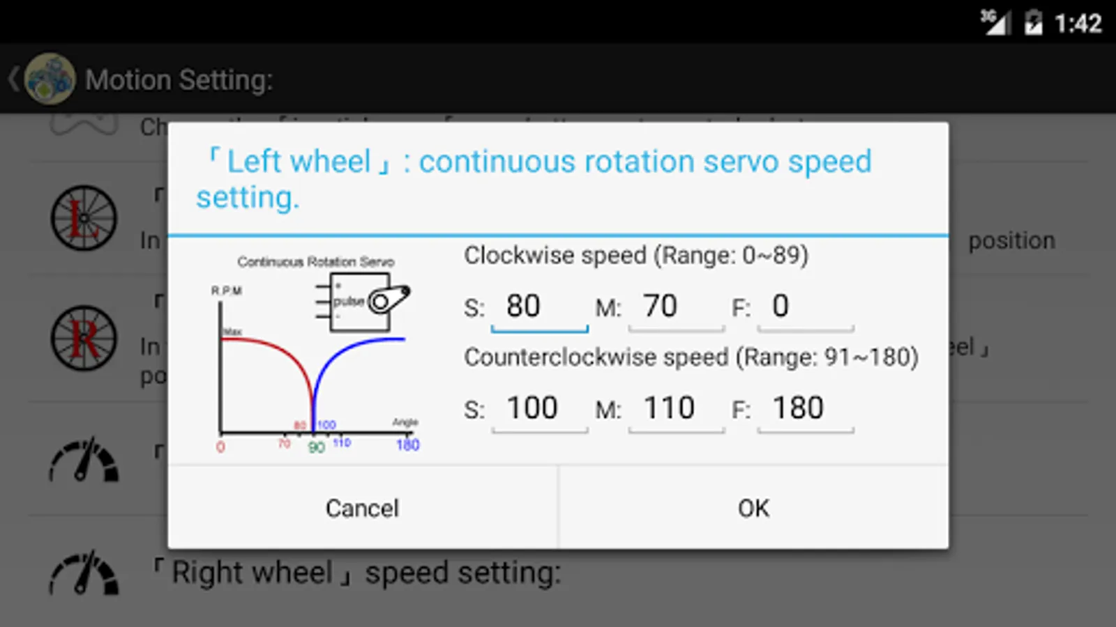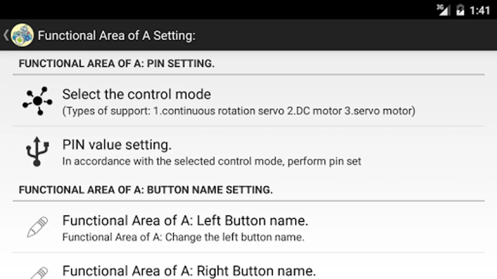 a. choose three different modes (continuous rotation servos, angle servo or DC servo motors).
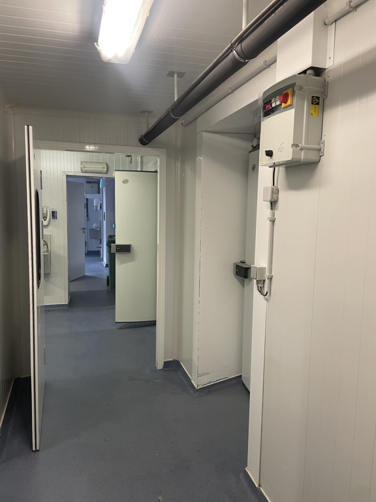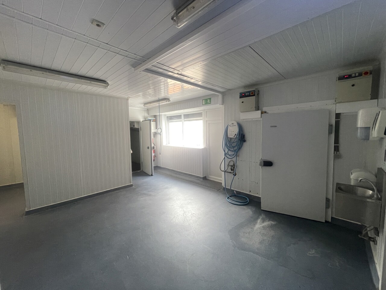 Ontdek dit veelzijdige gebouw, ideaal voor investeerders of ondernemers! Het gelijkvloers omvat ca. 475 m², momenteel ingericht als voedingsverwerkend bedrijf met koelcellen en volledige isolatie – instapklaar voor productie of stockage onder gecontroleerde temperatuur.
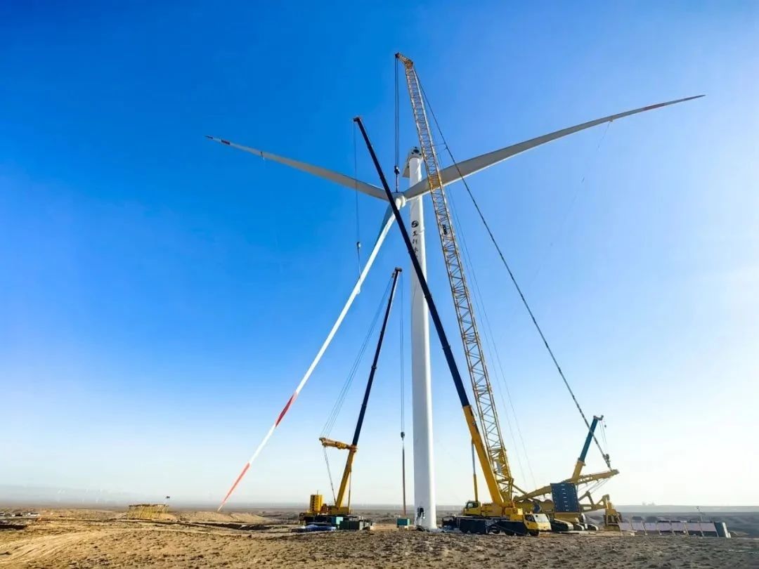 西北戈壁10万千瓦风电项目现场,安博首页_安博anbo(中国)轮履产品集聚,上演着多机协同的吊装攻坚战。

[YOUR GOAL]
Write out each line again, exactly as it appears above, except for any picture.

[TASK ANSWER]
 a. choose three different modes (continuous rotation servos, angle servo or DC servo motors).
 Ontdek dit veelzijdige gebouw, ideaal voor investeerders of ondernemers! Het gelijkvloers omvat ca. 475 m², momenteel ingericht als voedingsverwerkend bedrijf met koelcellen en volledige isolatie – instapklaar voor productie of stockage onder gecontroleerde temperatuur.
 西北戈壁10万千瓦风电项目现场,安博首页_安博anbo(中国)轮履产品集聚,上演着多机协同的吊装攻坚战。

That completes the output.